▶ [Assignment]: Everything in the records below from the line containing "Short sleeve dress" through the line containing "idp.metadata_urlin the Wazuh" is to be reproduced exactly, those two lines included; no picture is to be copied.

▶ [Study material]:
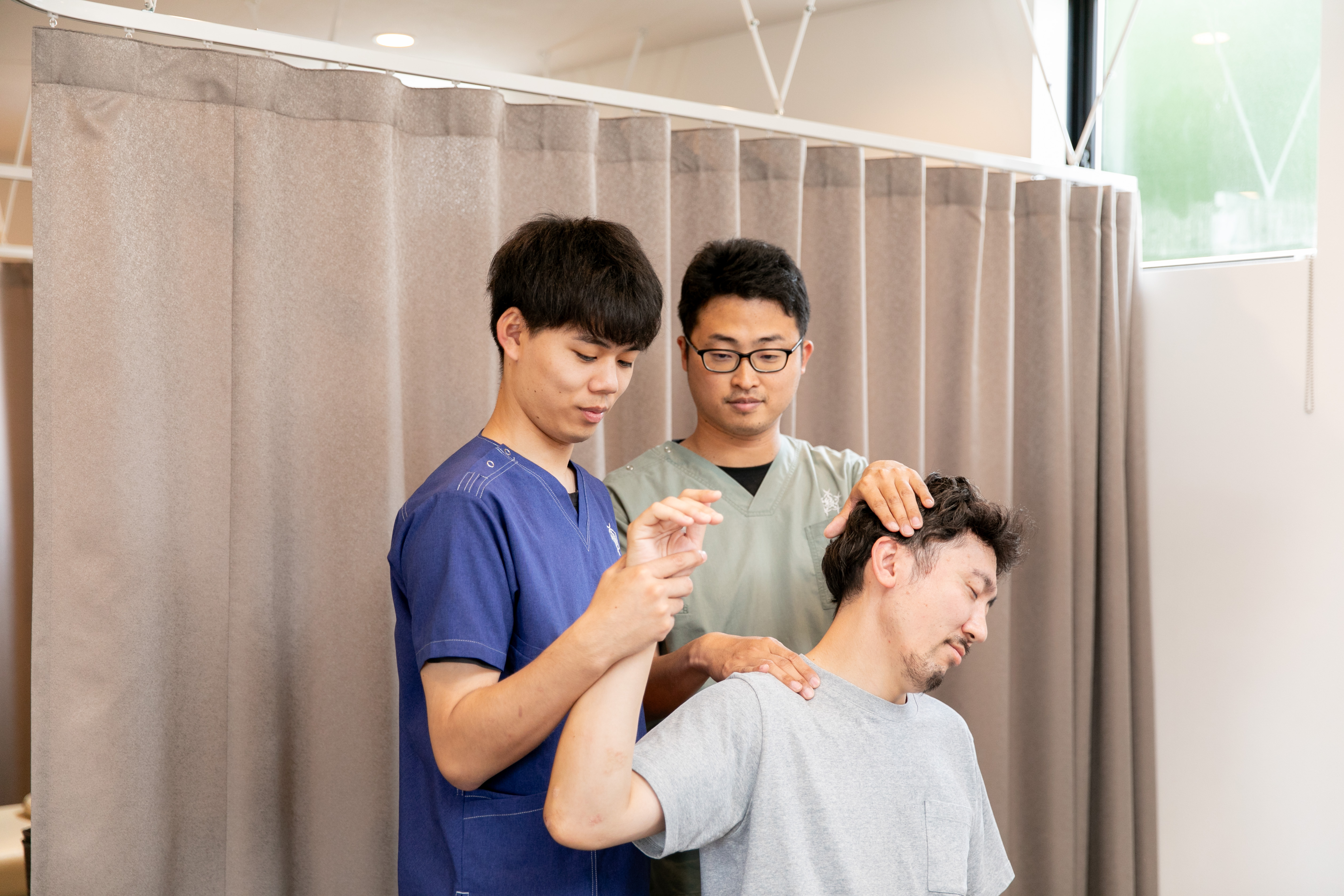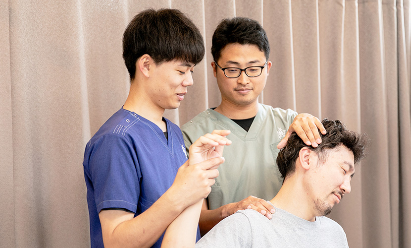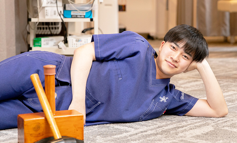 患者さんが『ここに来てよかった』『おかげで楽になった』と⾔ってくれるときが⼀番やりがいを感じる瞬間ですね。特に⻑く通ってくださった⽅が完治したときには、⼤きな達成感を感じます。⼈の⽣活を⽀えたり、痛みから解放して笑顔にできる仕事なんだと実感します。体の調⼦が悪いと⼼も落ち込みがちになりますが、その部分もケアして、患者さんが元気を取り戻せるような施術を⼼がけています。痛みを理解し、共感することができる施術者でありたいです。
...
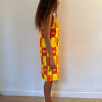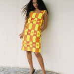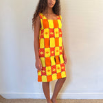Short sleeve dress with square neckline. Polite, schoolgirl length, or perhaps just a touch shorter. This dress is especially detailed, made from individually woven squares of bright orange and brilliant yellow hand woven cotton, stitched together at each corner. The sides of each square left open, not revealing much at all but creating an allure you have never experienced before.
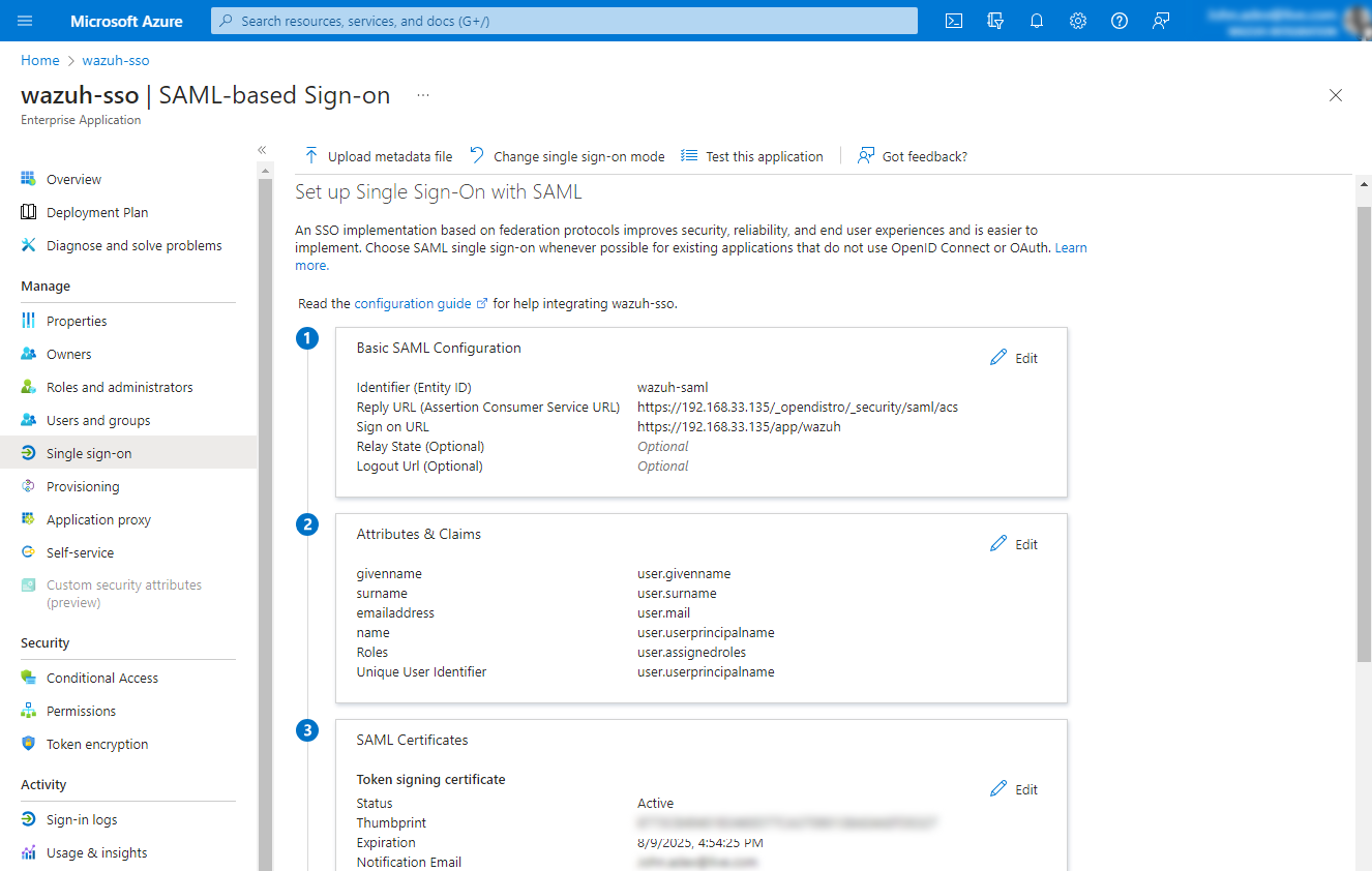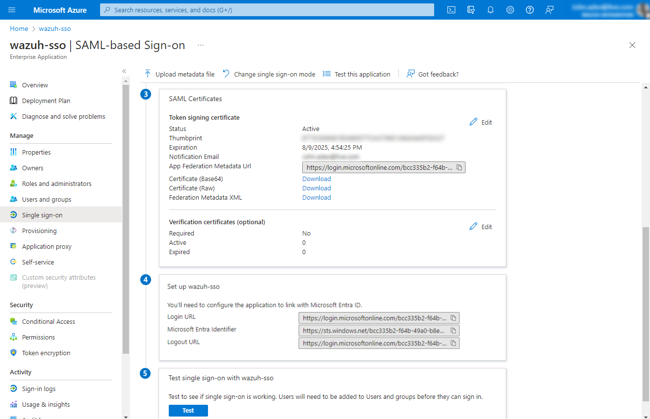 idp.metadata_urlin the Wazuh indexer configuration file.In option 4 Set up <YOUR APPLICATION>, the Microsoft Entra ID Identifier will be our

▶ [Written solution]:
Short sleeve dress with square neckline. Polite, schoolgirl length, or perhaps just a touch shorter. This dress is especially detailed, made from individually woven squares of bright orange and brilliant yellow hand woven cotton, stitched together at each corner. The sides of each square left open, not revealing much at all but creating an allure you have never experienced before.
 idp.metadata_urlin the Wazuh indexer configuration file.In option 4 Set up <YOUR APPLICATION>, the Microsoft Entra ID Identifier will be our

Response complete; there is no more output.